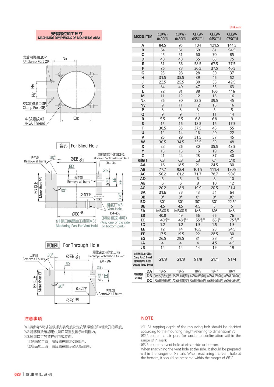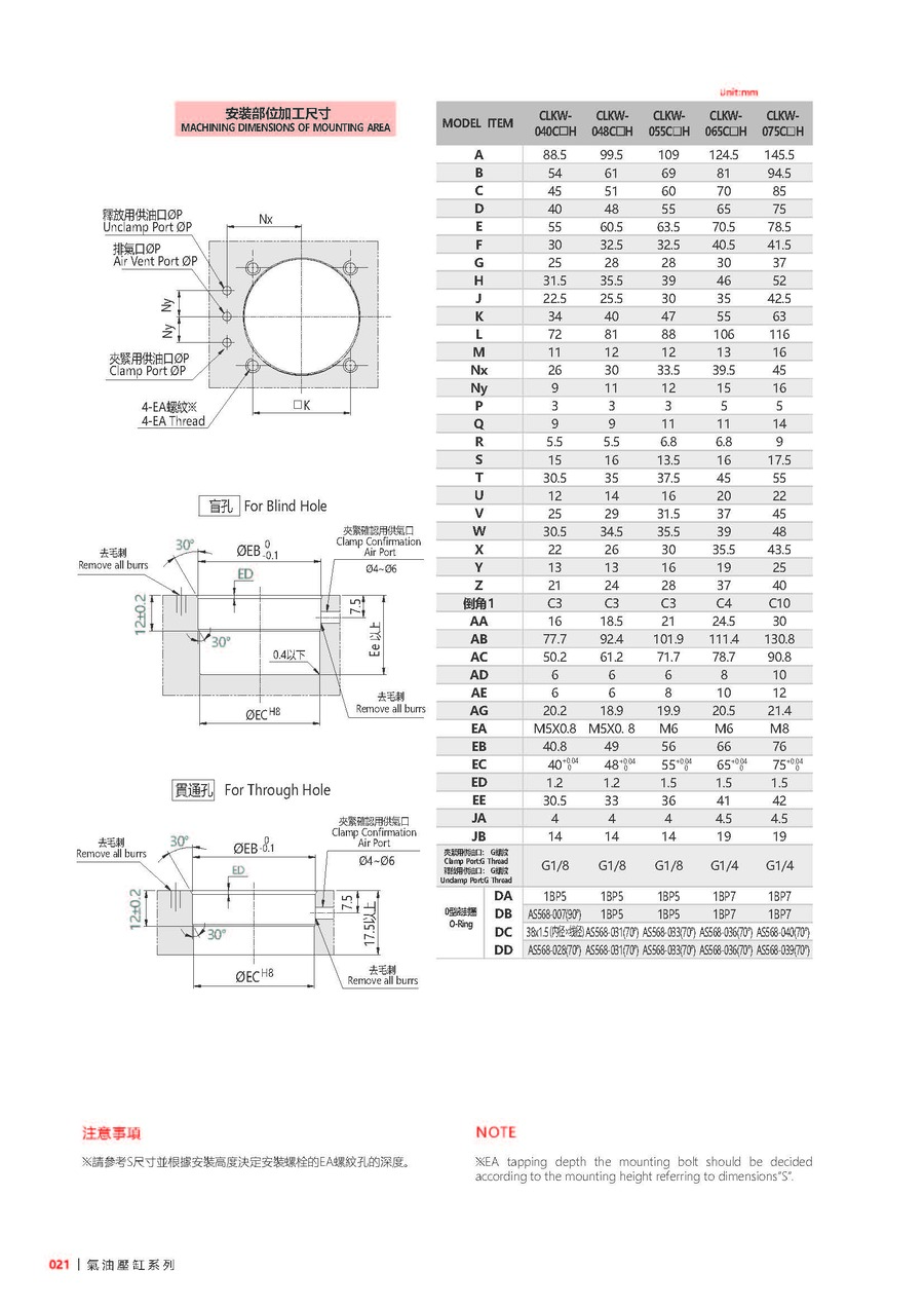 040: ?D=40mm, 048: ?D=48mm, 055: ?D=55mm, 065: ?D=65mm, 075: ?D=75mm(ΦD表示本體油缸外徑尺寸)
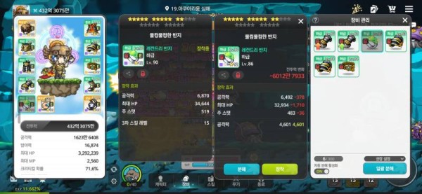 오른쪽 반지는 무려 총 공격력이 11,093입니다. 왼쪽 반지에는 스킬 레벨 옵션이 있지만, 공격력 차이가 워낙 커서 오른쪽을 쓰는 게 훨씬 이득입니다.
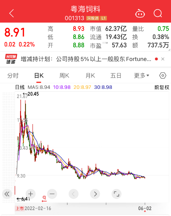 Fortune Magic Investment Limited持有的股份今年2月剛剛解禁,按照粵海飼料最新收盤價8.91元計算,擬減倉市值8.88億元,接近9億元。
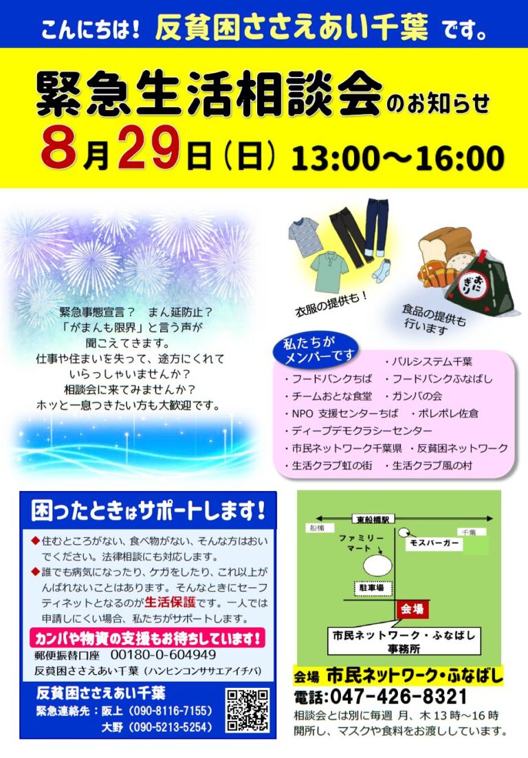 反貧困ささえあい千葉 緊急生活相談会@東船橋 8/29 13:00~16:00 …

EXERCISE => Hand back every line of the material, exactly, without the pictures.

OUTPUT BELOW =>
 040: ?D=40mm, 048: ?D=48mm, 055: ?D=55mm, 065: ?D=65mm, 075: ?D=75mm(ΦD表示本體油缸外徑尺寸)
 오른쪽 반지는 무려 총 공격력이 11,093입니다. 왼쪽 반지에는 스킬 레벨 옵션이 있지만, 공격력 차이가 워낙 커서 오른쪽을 쓰는 게 훨씬 이득입니다.
 Fortune Magic Investment Limited持有的股份今年2月剛剛解禁,按照粵海飼料最新收盤價8.91元計算,擬減倉市值8.88億元,接近9億元。
 反貧困ささえあい千葉 緊急生活相談会@東船橋 8/29 13:00~16:00 …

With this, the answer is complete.